* _Material provided_
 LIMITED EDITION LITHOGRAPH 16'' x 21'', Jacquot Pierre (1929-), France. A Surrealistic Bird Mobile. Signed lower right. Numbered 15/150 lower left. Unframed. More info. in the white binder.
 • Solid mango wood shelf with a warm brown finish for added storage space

...

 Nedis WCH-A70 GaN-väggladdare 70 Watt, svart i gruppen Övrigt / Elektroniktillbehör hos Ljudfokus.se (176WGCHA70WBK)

---

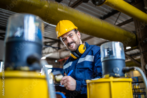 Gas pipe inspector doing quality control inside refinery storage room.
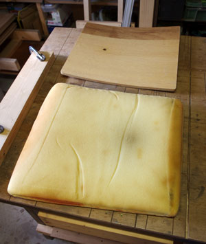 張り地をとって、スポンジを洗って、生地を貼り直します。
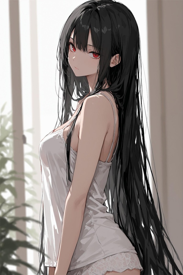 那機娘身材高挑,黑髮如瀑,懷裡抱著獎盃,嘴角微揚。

* _Work task_
The required output is every line above from the one with "LIMITED EDITION LITHOGRAPH" down to the one with "added storage space", restated word for word, ends included.

* _Result for this exercise_
 LIMITED EDITION LITHOGRAPH 16'' x 21'', Jacquot Pierre (1929-), France. A Surrealistic Bird Mobile. Signed lower right. Numbered 15/150 lower left. Unframed. More info. in the white binder.
 • Solid mango wood shelf with a warm brown finish for added storage space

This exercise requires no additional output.